Gideon came up behind them just then, back from his own fuel-carrying trip to the plane.
“I think we should finish up, make this our last trip,” he said, casting an anxious glance toward the sky. “That fuel gauge says we’ve got half a tank now, and that’s more than enough to get us back across the border into Eastam.”
Tessa could tell he was worried about having to spend even a second longer here on the ground, exposed, in enemy territory.
“How long you think we’re going to need to stay in the air once we’re across the border?” Dek asked.
The glance that passed between her and Gideon was charged with an unusual undercurrent, some sort of understanding that excluded Tessa.
This made Tessa even madder.
I am not going to keep being the stupid person here,
she thought.
I can at least try to figure this out. Fuel … the border …
Then she understood.
“You think our own border guards are going to shoot us down,” she said.
Gideon wouldn’t look her in the eye.
“They’re trained to make split-second decisions,” he said. “We’ll be coming from enemy territory, we won’t be tagged in their system as one of their own returning from a legitimate bombing raid—”
“So hack into their system again and change that!” Tessa suggested.
Gideon shook his head.
“No way I could do that from enemy territory,” he said.
“But—our plane still has defensive shields, right?” Tessa asked.
“Not that work against our own missiles,” Gideon said miserably. “See, everything’s coded …”
Tessa felt dizzy, unable to take all this in.
Then … if it’s not safe to fly across the border, let’s just stay here,
she almost said. But they’d already run out of water, and Tessa didn’t think they had any more of the nutri-squares. And, anyway, they were in enemy territory. Even if the area around them seemed deserted, every moment they spent here was borrowed time.
“I would think … if it’s dangerous to cross the border … we’d want to have as much fuel in our tank as possible,” she said, still grasping for something hopeful to say. “So we can fly all along the border, until we find the safest place to cross.”
“As soon as we can see the guards, they can see us,” Gideon said lifelessly.
“And the more fuel we have, the more likely it is that our plane will explode when we get hit,” Dek added.
Tessa slumped, almost spilling the precious, dangerous fuel pooled on her piece of metal. Wasn’t there any possibility to hold on to, any reason for hope?

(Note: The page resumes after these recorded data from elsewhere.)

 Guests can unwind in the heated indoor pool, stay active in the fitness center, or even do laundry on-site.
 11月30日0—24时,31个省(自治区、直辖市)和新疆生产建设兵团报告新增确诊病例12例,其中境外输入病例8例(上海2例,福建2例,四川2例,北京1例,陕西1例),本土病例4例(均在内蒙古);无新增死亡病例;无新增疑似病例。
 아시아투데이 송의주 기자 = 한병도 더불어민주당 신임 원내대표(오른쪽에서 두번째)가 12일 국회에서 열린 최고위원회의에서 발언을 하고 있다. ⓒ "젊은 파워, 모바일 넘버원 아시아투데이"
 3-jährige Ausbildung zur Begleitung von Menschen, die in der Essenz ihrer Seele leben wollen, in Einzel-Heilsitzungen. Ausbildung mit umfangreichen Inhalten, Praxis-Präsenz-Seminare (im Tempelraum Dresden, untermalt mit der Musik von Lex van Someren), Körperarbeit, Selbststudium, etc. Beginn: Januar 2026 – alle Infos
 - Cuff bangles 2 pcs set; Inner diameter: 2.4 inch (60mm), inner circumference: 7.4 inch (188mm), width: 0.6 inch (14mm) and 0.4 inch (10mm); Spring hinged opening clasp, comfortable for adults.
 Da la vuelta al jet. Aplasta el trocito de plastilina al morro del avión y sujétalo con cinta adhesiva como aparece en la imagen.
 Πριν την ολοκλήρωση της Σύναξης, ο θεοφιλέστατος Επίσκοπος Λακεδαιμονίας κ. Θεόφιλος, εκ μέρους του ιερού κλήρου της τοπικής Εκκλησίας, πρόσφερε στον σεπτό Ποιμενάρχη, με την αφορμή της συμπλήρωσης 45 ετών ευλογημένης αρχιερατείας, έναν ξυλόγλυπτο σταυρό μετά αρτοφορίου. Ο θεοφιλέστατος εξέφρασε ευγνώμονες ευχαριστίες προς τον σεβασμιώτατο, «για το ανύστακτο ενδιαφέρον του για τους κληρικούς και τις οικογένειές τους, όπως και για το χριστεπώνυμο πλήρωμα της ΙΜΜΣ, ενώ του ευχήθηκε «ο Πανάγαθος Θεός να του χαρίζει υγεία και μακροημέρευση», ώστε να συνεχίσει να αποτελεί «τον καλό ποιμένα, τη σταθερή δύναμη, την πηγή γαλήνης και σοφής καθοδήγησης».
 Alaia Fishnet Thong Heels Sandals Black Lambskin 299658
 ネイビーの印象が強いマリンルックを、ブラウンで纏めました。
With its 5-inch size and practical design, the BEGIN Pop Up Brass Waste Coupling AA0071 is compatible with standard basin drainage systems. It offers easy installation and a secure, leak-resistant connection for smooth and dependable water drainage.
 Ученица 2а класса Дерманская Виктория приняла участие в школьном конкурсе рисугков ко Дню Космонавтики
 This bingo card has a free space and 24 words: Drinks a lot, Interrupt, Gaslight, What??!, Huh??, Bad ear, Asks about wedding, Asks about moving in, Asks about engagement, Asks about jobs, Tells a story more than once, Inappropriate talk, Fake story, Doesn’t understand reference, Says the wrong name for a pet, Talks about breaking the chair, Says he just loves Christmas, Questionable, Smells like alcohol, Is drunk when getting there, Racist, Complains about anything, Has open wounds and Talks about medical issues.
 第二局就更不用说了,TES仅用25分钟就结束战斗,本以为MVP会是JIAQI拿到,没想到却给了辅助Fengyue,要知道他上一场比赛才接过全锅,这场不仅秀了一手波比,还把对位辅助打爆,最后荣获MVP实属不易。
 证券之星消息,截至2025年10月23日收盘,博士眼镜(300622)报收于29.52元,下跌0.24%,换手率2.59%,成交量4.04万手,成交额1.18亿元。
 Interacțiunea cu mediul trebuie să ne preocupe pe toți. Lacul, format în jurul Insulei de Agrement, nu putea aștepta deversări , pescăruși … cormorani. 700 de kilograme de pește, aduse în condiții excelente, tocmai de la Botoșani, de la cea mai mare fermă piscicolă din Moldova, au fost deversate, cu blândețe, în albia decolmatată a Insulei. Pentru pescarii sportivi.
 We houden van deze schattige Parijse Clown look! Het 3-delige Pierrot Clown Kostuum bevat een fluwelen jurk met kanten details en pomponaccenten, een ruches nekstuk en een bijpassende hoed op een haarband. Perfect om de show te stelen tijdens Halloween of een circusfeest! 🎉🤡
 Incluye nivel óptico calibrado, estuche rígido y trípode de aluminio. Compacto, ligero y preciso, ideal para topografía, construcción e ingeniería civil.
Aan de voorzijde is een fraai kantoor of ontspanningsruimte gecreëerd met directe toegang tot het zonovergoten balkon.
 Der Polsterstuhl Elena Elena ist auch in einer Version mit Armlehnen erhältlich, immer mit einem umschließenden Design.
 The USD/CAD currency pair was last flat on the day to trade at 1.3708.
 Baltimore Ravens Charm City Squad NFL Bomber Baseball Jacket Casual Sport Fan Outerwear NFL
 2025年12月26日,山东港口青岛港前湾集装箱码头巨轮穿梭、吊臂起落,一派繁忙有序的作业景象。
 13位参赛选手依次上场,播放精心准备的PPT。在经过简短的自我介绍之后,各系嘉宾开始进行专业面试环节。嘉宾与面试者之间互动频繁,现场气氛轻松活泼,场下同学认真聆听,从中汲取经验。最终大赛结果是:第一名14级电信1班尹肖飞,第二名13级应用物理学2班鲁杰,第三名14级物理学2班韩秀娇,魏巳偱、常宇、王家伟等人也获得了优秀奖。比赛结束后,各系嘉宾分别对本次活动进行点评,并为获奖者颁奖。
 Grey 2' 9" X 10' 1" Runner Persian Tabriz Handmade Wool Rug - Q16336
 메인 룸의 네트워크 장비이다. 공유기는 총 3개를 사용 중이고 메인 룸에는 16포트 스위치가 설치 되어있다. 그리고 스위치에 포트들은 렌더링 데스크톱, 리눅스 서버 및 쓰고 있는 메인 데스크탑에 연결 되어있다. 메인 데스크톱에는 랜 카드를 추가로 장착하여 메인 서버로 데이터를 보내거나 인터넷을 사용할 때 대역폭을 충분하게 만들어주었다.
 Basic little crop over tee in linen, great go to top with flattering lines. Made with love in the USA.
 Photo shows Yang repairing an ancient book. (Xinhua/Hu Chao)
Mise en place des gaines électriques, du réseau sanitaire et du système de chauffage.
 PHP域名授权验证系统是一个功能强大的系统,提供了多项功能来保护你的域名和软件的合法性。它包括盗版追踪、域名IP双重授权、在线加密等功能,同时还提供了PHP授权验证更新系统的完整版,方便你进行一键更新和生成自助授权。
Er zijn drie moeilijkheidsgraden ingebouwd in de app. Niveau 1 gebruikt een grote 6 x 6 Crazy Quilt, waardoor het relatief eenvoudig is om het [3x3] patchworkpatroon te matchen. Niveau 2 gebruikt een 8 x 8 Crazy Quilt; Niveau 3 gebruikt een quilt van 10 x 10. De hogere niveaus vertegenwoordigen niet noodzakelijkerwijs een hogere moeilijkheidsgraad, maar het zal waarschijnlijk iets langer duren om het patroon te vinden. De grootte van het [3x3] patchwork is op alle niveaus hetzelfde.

“We have parachutes,” Gideon offered.
Tessa thought she finally saw the full picture, with all the depressing details Gideon and Dek had agreed upon in a single glance. Gideon and Dek were almost certain they were going to get shot down. All they could hope for was that they could make it out of the crash alive.
And land on the proper side of the border.
Nobody spoke as they carried the last load of fuel back to the plane, along with the various pieces of plane parts that had been made over into a fuel siphon and were soon to be returned to their original purpose. Dek and Gideon worked together to reassemble the plane; Tessa stood nearby handing them screws and bolts and tools. Most of the time she gave them the wrong thing at the wrong time, but neither of them complained.